Cabul, que virou a Saigon de Biden, numa analogia com a humilhante retirada da capital sul-vietnamita após a derrota americana de 1975, tornou-se o outdoor político deste momento de confusão no país.

Imagens das cenas deprimentes na pista do aeroporto correram o mundo, sendo bastante exploradas pela imprensa na China e na Rússia.

Os dois países são candidatos a pegar o espólio americano no país, Pequim principalmente. Mas o interesse mais imediato é o de espicaçar Washington, sua rival comum.

Biden acusou esse golpe e fez questão de incluir os dois países na lista daqueles que teriam ajudado a desestabilizar o Afeganistão ao longo dos anos, principalmente com o fornecimento de armas.

Até aqui o Taleban tem buscado portar-se como um ator responsável.
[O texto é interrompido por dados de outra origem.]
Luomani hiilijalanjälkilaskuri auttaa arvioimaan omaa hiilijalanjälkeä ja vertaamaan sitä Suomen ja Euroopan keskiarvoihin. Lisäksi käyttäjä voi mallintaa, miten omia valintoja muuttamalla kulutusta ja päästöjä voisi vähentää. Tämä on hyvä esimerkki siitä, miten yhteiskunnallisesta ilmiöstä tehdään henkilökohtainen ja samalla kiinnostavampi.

Um de seus porta-vozes, Suhail Shaheen, publicou no Twitter que “vida, propriedade e honra” dos afegãos seriam respeitadas.

Outros representantes do grupo, falando a redes de TV como a BBC e Al Jazeera, têm insistido que não haverá um retorno ao regime medieval imposto pelo grupo de 1996 até a queda de 2001.
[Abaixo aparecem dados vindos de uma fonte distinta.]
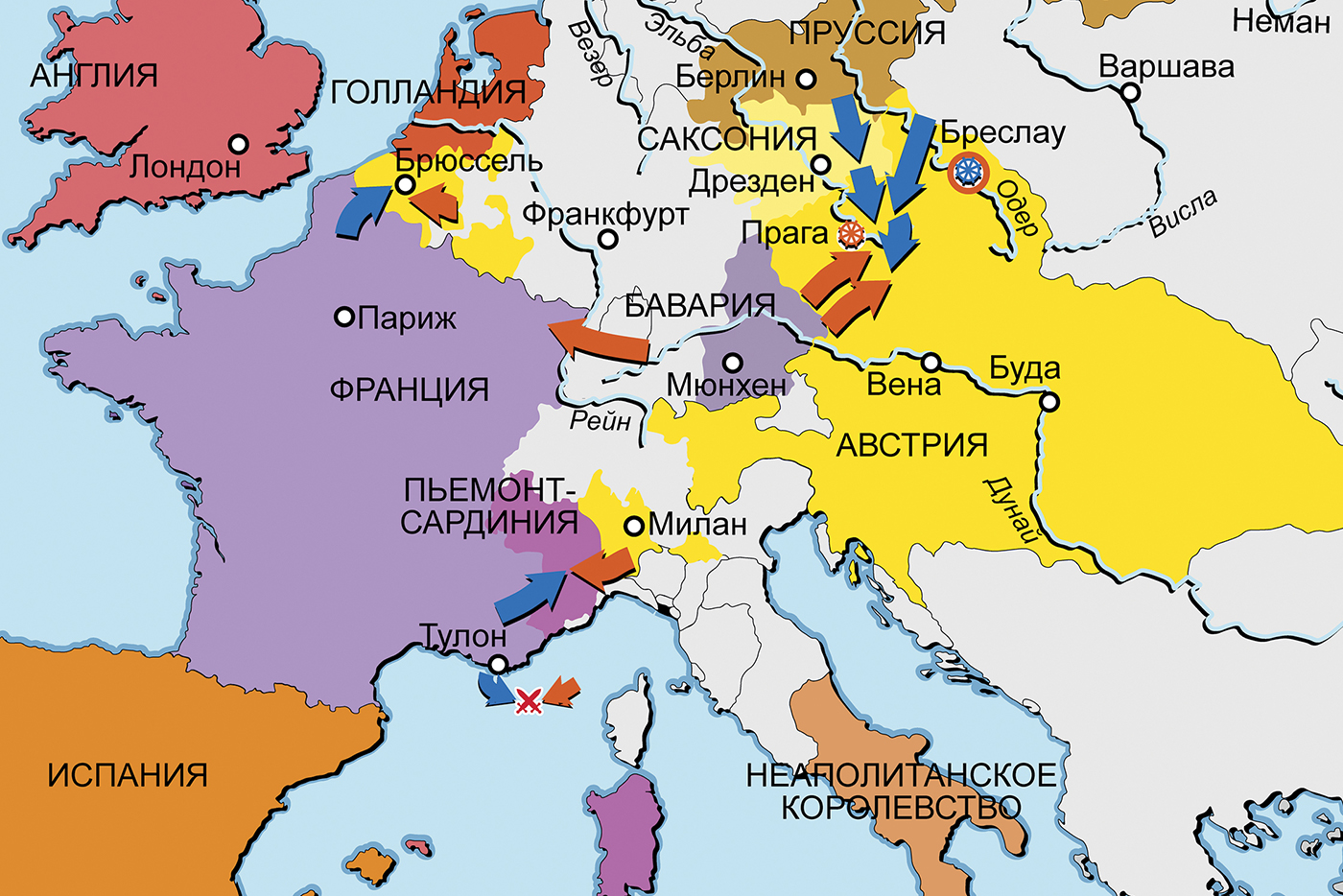 Полки Англии, Испании, Франции, Швеции, Австрии, Баварии, Саксонии, Пруссии

Nele, mulheres eram entidades sem direitos, e a brutalidade imperava nas relações.

O Taleban acabara de ganhar uma guerra civil quando tomou o poder pela primeira vez, e manteve o ritmo violento ao exercê-lo, com execuções e perseguições a minorias.

O senso comum aponta que a necessidade do grupo de viabilizar-se como governo num mundo mais interconectado, especialmente com os interesses de investimentos chineses, pode moderar o Taleban.

O problema é confiar em previsibilidade de um grupo extremista que não é monolítico. Ao contrário, hoje o Taleban é mais um guarda-chuva de lideranças aliadas, muitas egressas de notórias redes terroristas, como a Haqqani.

O que leva à advertência de Biden acerca do risco de o Afeganistão virar de novo uma base para ataques contra o Ocidente, a exemplo do que aconteceu no começo de tudo.

O problema, para o americano, é acreditar que ele será ouvido de fato em Cabul.